Single by Francesco De Gregori

from the album Rimmel
- Released: 1975
- Length: 3:41
- Label: RCA Italiana

Francesco De Gregori singles chronology
| "Niente da capire" (1974) | "Rimmel" (1975) | "Bufalo Bill" (1976) |

Audio
- "Rimmel" on YouTube

= Rimmel (song) =

1975 single by Francesco De Gregori

"Rimmel" is a song by Italian singer Francesco De Gregori, released in 1975.

== Composition==
De Gregori composed the song in the summer of 1974 in Milan, while he was staying in a hotel and waiting to take part in a RAI TV-show.

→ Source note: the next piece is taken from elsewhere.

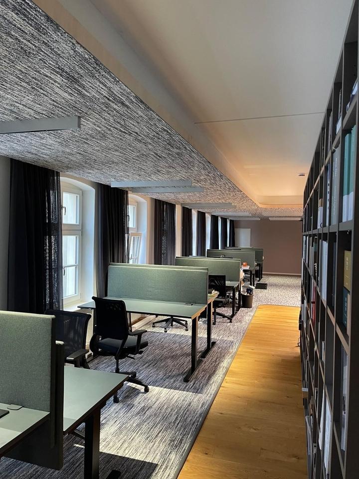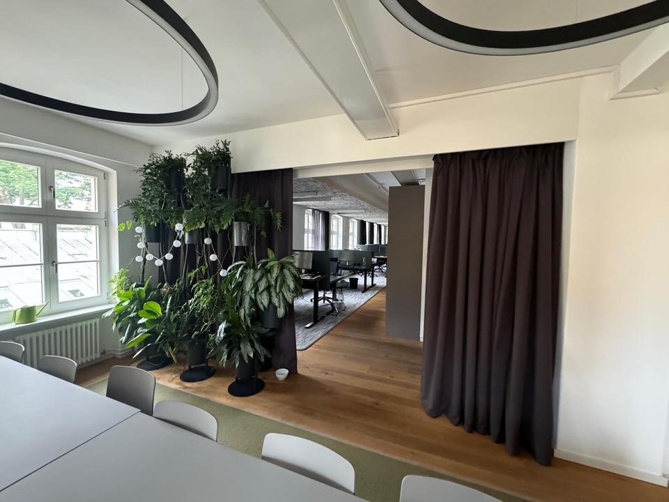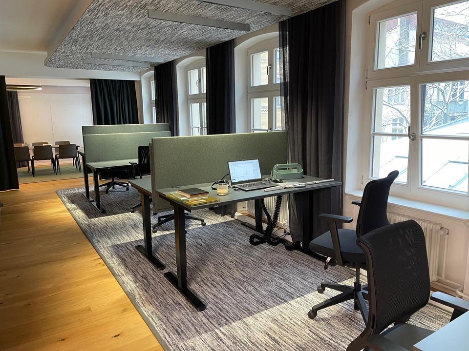 Voll ausgestattes Openspace Office mit 14 höhenverstellbaren Schreibtischen

A reflection about a lost love told through metaphors and puns, it is said to have been inspired by De Gregori's breakup with his then-fiancée Patrizia, who left him for comedian Ninì Salerno.

== Reception==
The song was described by Italian music critic Claudio Fabretti as "a defining divide for the whole of Italian music", with "love taking on a broader and deeper meaning. It breaks through the narrow confines of the couple's relationship, it becomes a universal sentiment, which unites men and at the same time condemns them to pain, to distance. It is the only prospect of salvation and, at the same time, a possible permanent damnation".

== Other versions==
Artists who covered the song include Gianni Morandi, Tiziano Ferro, Fiorello and Paolo Benvegnù. In 2025, De Gregori recorded a duet version of the song with Checco Zalone for the album Pastiche.

== Track listing ==

| No. | Title | Writer(s) | Length |
|---|---|---|---|
| 1. | "Rimmel" | De Gregori | 3:41 |
| 2. | "Piccola mela" | De Gregori | 2:45 |

==Charts==

| Chart (1975) | Peak position |
|---|---|
| Italy (Musica e dischi) | 18 |

==Certifications==

| Region | Certification | Certified units/sales |
| Italy (FIMI) Sales from 2009 | Platinum | 100,000^{‡} |
^{‡} Sales+streaming figures based on certification alone.